Open cgull opened 7 years ago
Today I hacked together a dissector with support for decryption and decompression (but not defragmentation), including some simple analysis of whether the sequence numbers are going up in steps of 1 as they should (so that you can notice packet loss/reordering/...), a really shoddy RTT estimator, and support for handing the first layer of protobuf over to Wireshark's protobuf decoder (but the second layer of nested protobuf inside the diff
field is not handled automatically). It hasn't been merged yet, but you can have a look: https://gitlab.com/wireshark/wireshark/-/merge_requests/970
@thejh Thanks for the Wireshark dissector :+1:
Currently I'm working on SSH-MITM, which is an audit tool for SSH and MOSH and this Wireshark dissector helped me a lot :smile:
My workflow to decrypt MOSH sessions: To get the encryption key from the ssh session, ssh-mitm is started and all SSH and MOSH connections are intercepted. If the user authenticates with a password or if agent forwarding is used, it's possible to do a full man in the middle. The encryption key is intercepted and can be used to decrypt the captured data with Wireshark.

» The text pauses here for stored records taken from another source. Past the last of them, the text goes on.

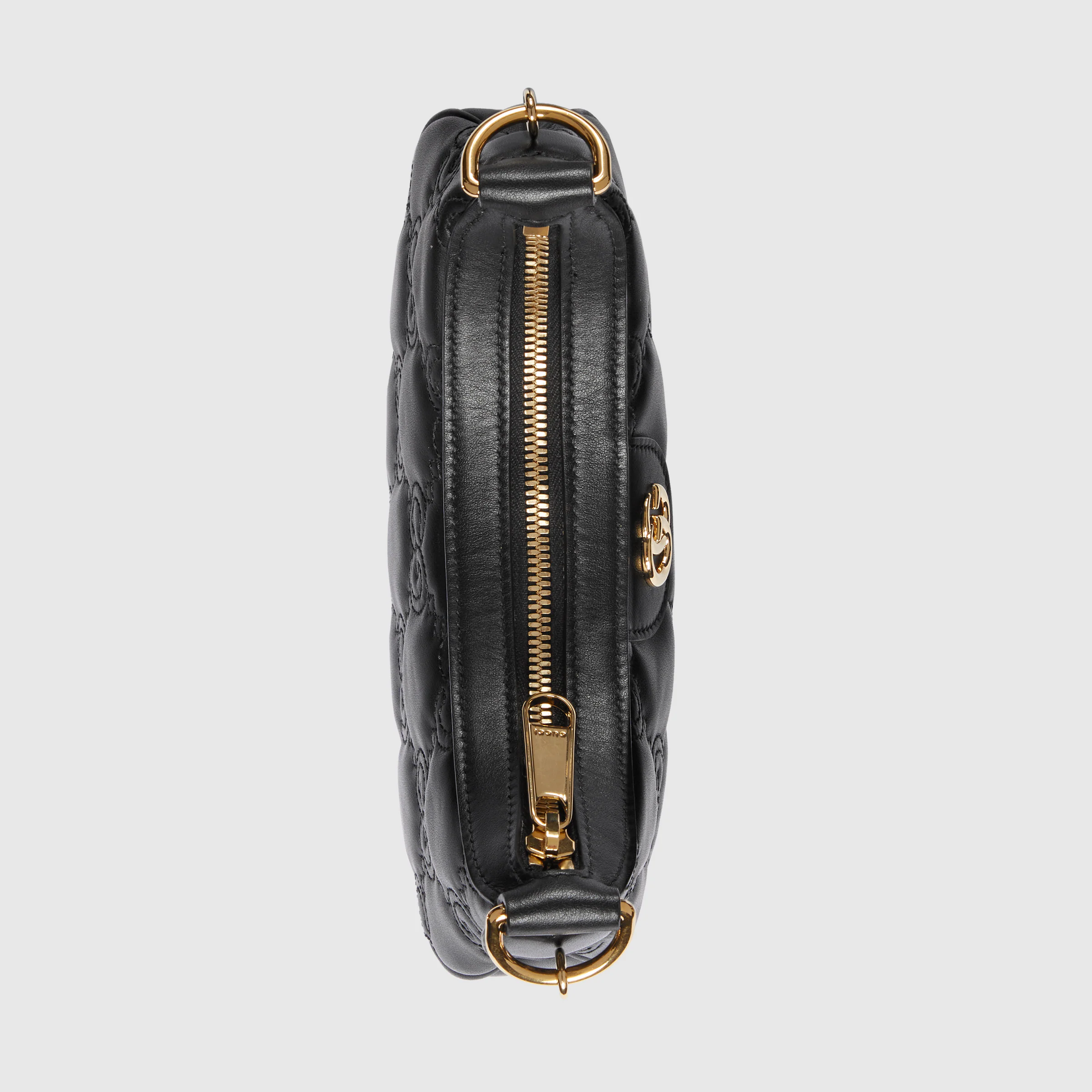 • The Pre-Fall 2023 collection captures the essence of Gucci. Colors, prints, and emblems appear consistently across time-honored silhouettes, demonstrating the House’s ability to reinvent signature pieces season after season. This compact mini bag is presented in black GG Matelassé leather and further enriched with a Double G emblem.
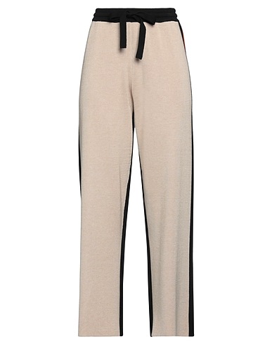 wide-leg trousers, knitted, medium-weight knit, two-tone, no appliqués, high waisted, drawstring waist, relaxed fit, drawstring fastening, without pockets, hand wash or dry clean, do not bleach, do not tumble dry
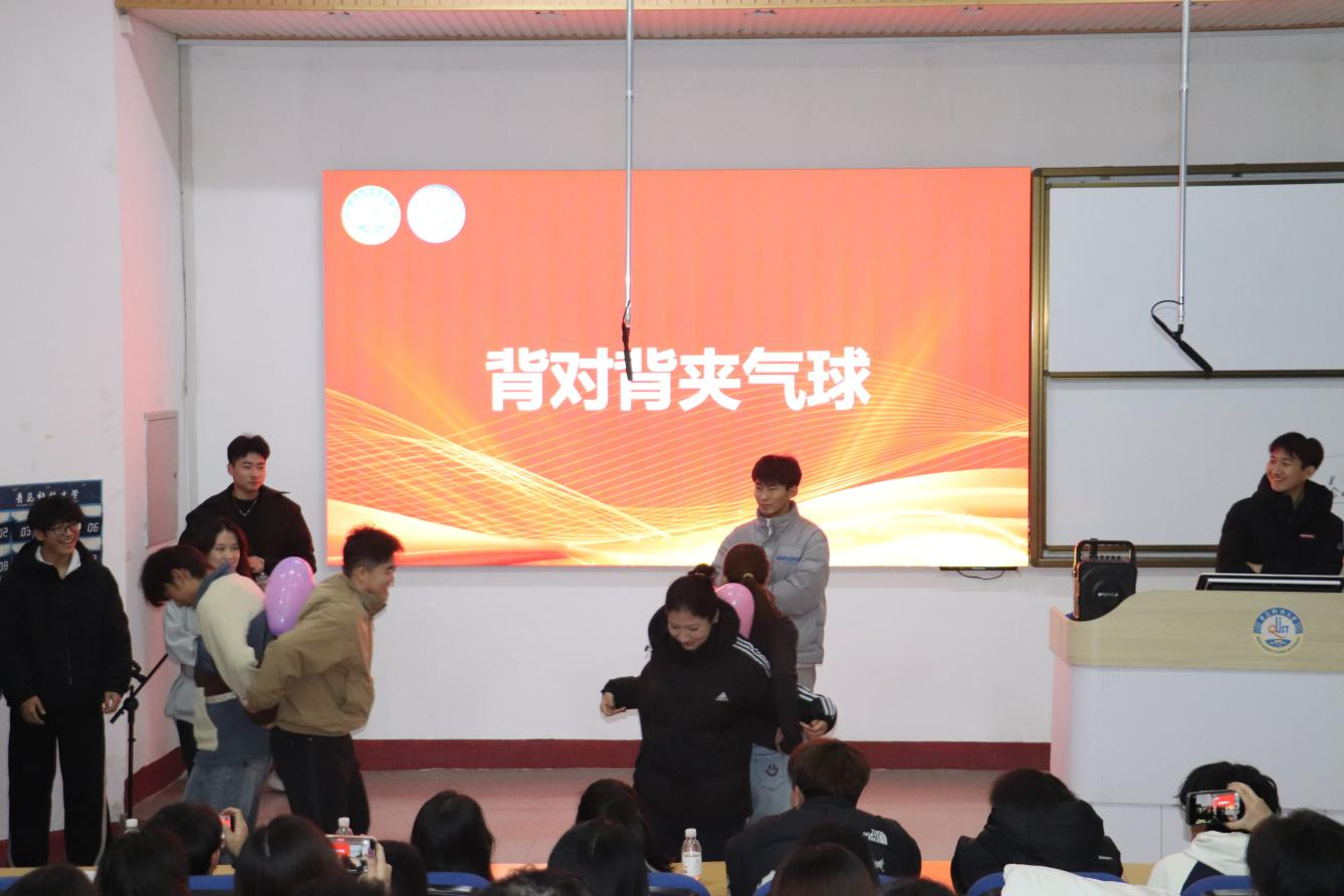 “背对背传气球”比拼中,同学们相互配合,传递气球,现场氛围热烈欢乐,展现出宿舍同学间的团队协作精神。
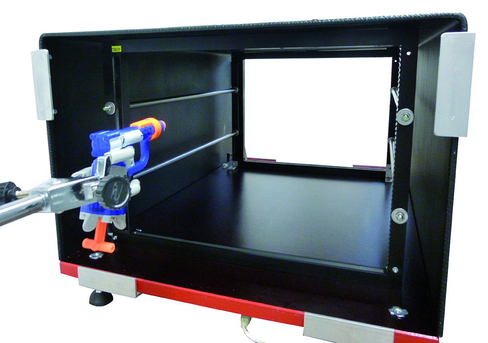 Geschossspielzeuge nach EN71-1pkt 8.24 Tischgerät mit zwei high speed Messrahmen
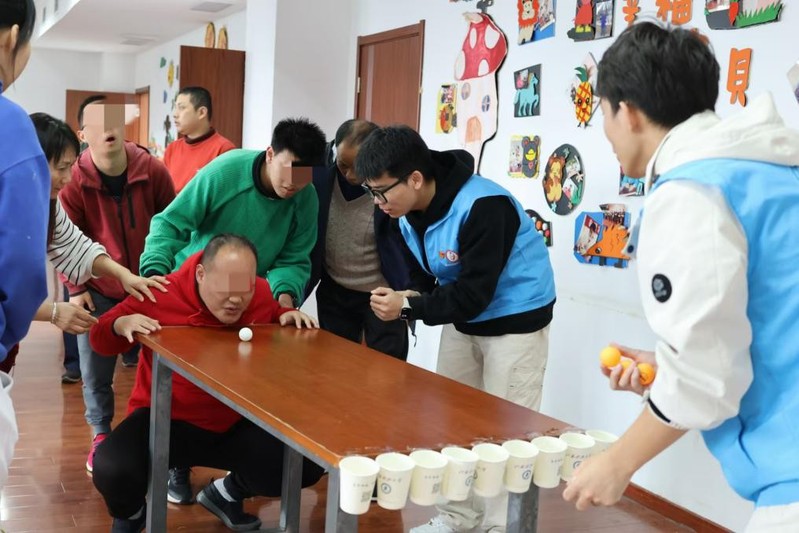图为志愿者成员鼓励托养中心学员完成吹球挑战。张京供图
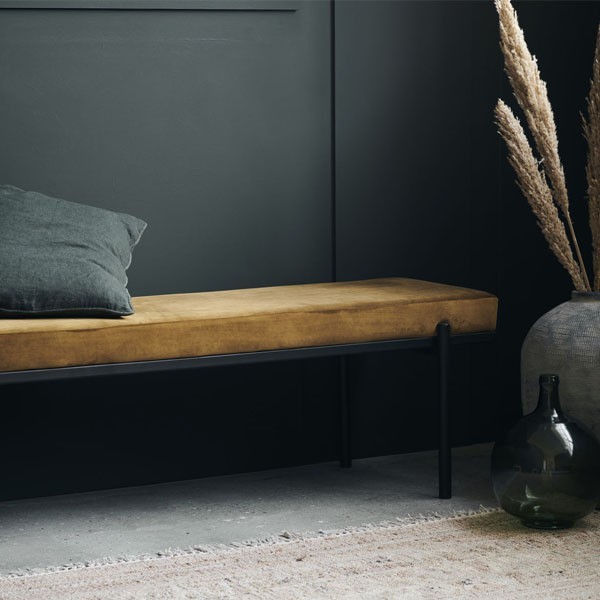 This bench House Doctor colored steel black and its seat covered with velvet mustard color will bring class and elegance to your room. Whether we are talking about its perfect lines or its finishes, it is undoubtedly a piece of quality furniture that will fit perfectly into your interior. In a living room, at the foot of your bed or in a hallway, this velvet bench offers you endless possibilities to transform your House in a bond that exudes style and warmth.
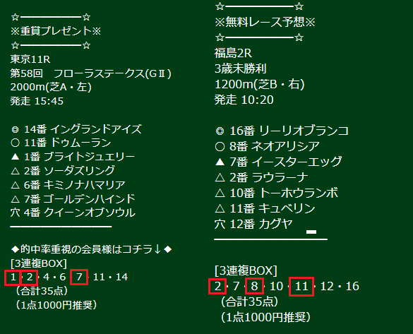 23日(日)フローラS(G2)にて7番人気馬の好走見抜き、
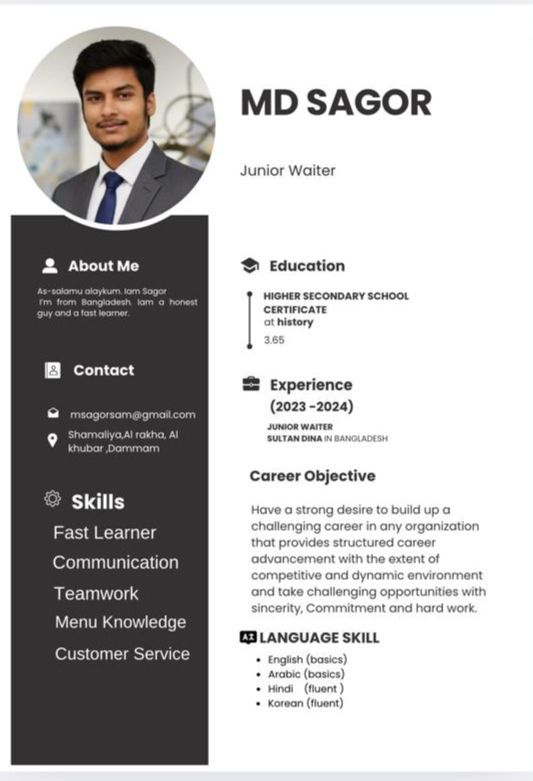 Assalamualaiqum. I am Sagar. I am from Bangladesh. I can work as a Waiter or food runner. I have 4 years experience as a waiter at Bangladesh. If there is any other scope for me I can do thar also
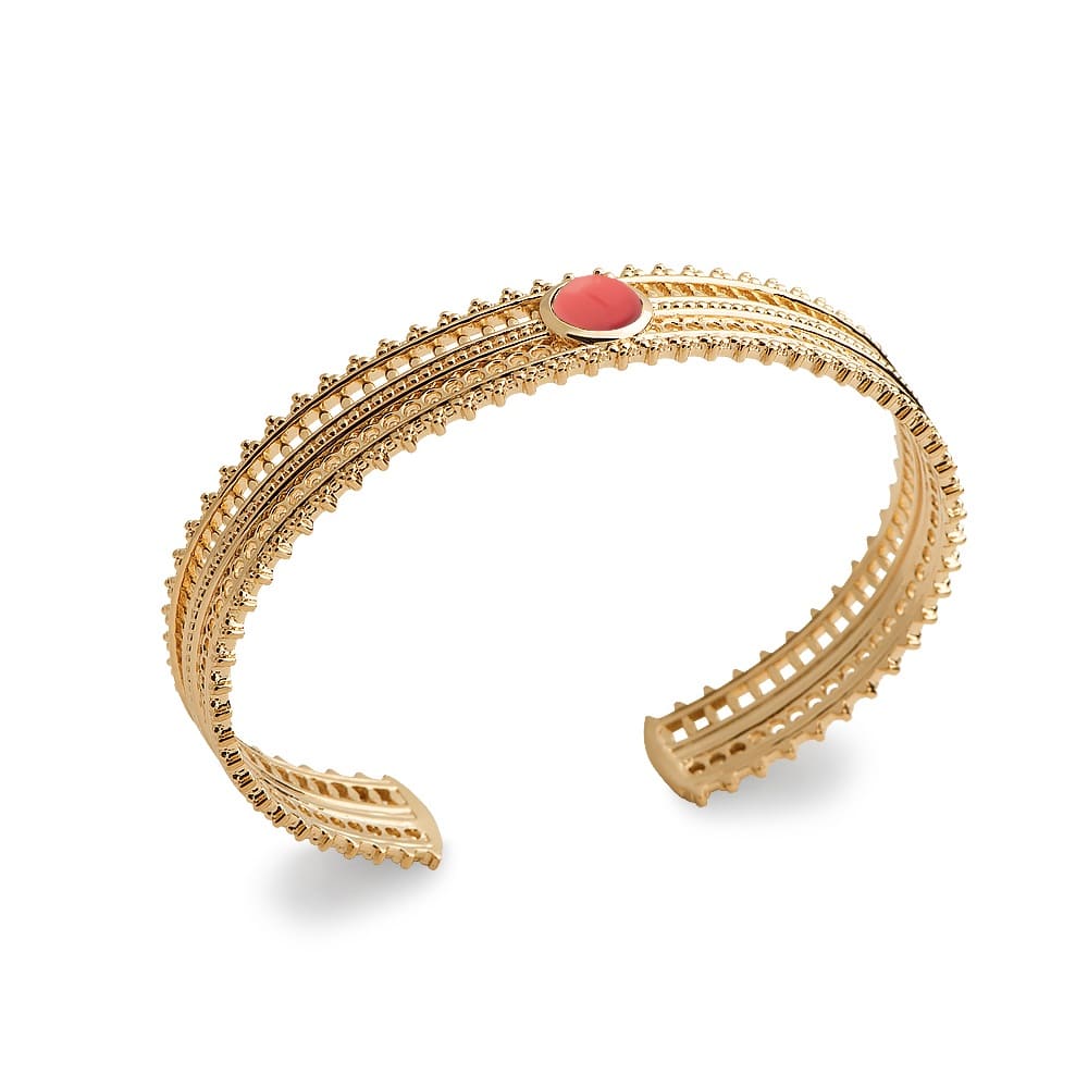 Description Bracelet jonc en plaqué or et pierre synthétique de couleur rouge corail. Largeur 10 mm Diamètre 58 mm [Guide des tailles] Matière(s) Pierre synthétique , Plaqué or . Nos bijoux en plaqué or sont faits sur une base de laiton et recouverts d'or 18 carats à 3 microns sans dispersion. Cela signifie que nous garantissons 3 microns d'or sur n'importe quelle partie du bijou. Sur la plupart de nos bijoux empierrés, nous montons à 5 microns d'or 18 carats. Pour finir, nous faisons également une finition avec de l'or 24 carats afin de donner un plus bel éclat à nos bijoux. Fermoir Aucun Couleur(s) dominante(s) Doré , Rouge Public Adolescent , Adulte . Genre Femme , Fille . Saison Indémodable . Collection AntiKa Cliquez sur une matière, un thème, une couleur ou une collection pour voir tous les articles associés.
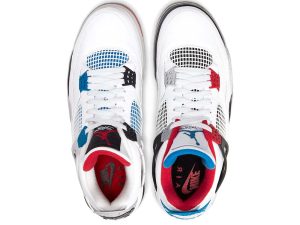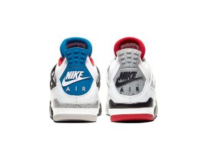 Released in November 2019, the Air Jordan 4 Retro SE ‘What The 4’ takes the original four colorways of the Air Jordan 4 and combines them in a ‘What The’ format that has been seen on several Nike silhouettes. This original color palette is realized on the entire shoe, with the beloved Varsity Red, Cement Grey and Military Blue that Jordan 4 fans recognize and love. The discordant aesthetic works across the leather uppers, signature lacing wings and Jumpman logos on the tongue and heel to create something familiar yet new.
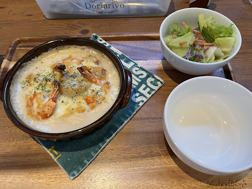 シーフードドリアを注文しました。 お値段は「1200円」とドリアにしては少し値が張る印象。 ご飯はピラフ仕立てにしてあり、その上にイカが混ざったホワイトソースとチーズがかかっており、1番上にエビ3尾と大ぶりのホタテが1個のっています。
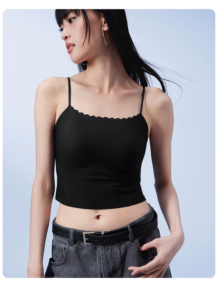 半练无痕花纹边平口吊带TA066 带胸垫舒适内搭细肩带遮副乳可外穿背心
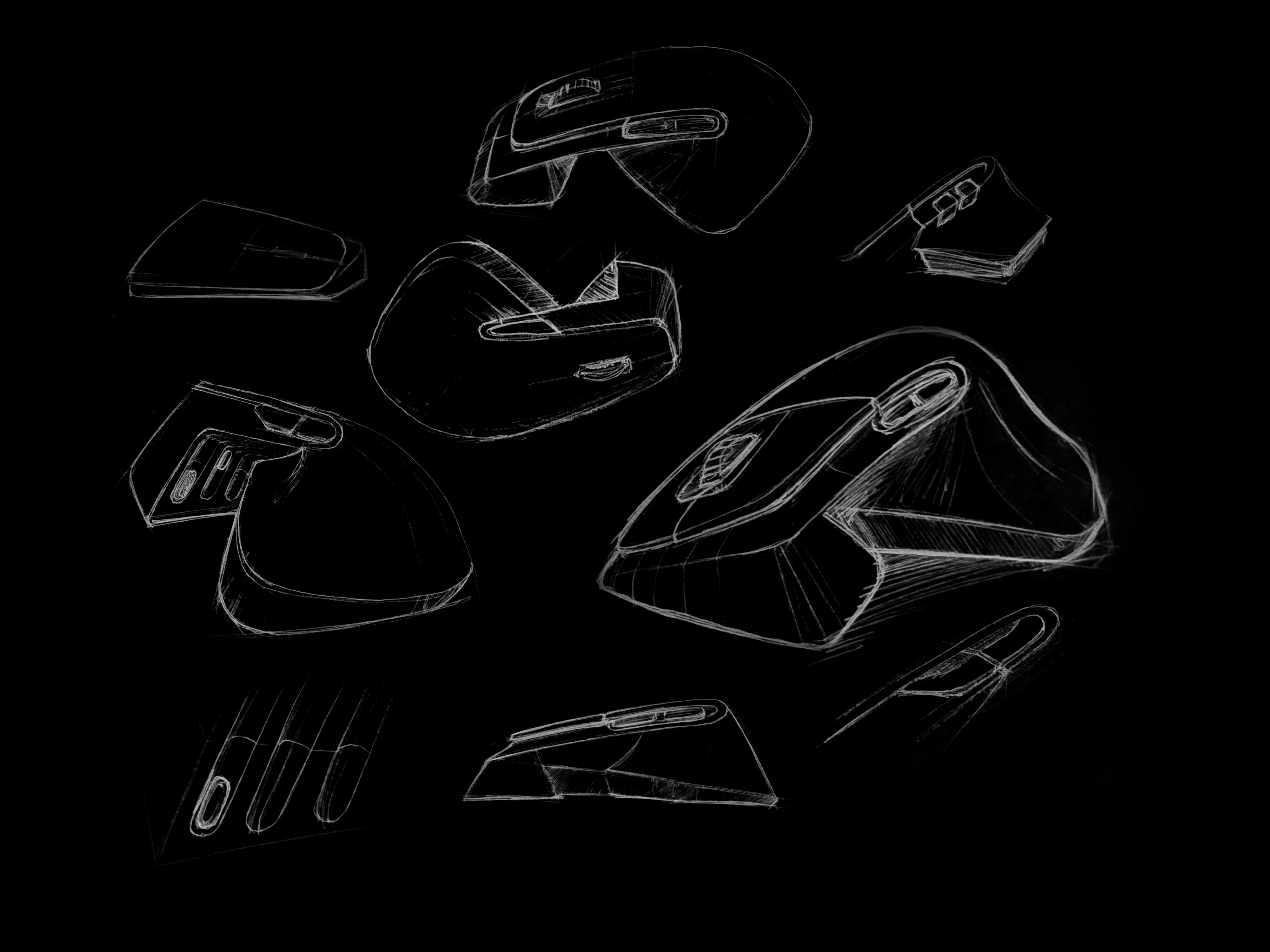 Driven by initial ergonomic research, I used sketches and clay modeling to define the core gesture. I then transitioned to 3D to rigorously refine the volumes and ensure perfect surface continuity. The resulting semi-vertical form promotes a neutral 'handshake' position. Key features include a distinct floating button section and a ribbed thumb rest, balancing smooth geometry with a tactile structural anchor.

At the moment I have some problems to understand the state synchronisation protocol :disappointed: There are some information in the research papers and your dissector can be used to find the packets and fields in the payload, but I don't understand how to get the user input or the data, which is printed to the terminal.
@thejh Can you give me some information how to get the user input from the fields, which are decoded with your wireshark dissector?
Sorry, I haven't looked that deep into the protocol - when I wrote the dissector, I was mainly interested in using it to diagnose latency issues.
Sorry, I haven't looked that deep into the protocol - when I wrote the dissector, I was mainly interested in using it to diagnose latency issues.
Thanks again for the dissector, it was still very usefull :smile: :+1:
A simple Wireshark dissector would be nice for evaluating Mosh network-level issues. I'm just thinking of something simple that handles the non-encrypted headers-- a full decrypting dissector would be neat but a fair bit of work to implement (quite a bit less than a full Mosh implementation though).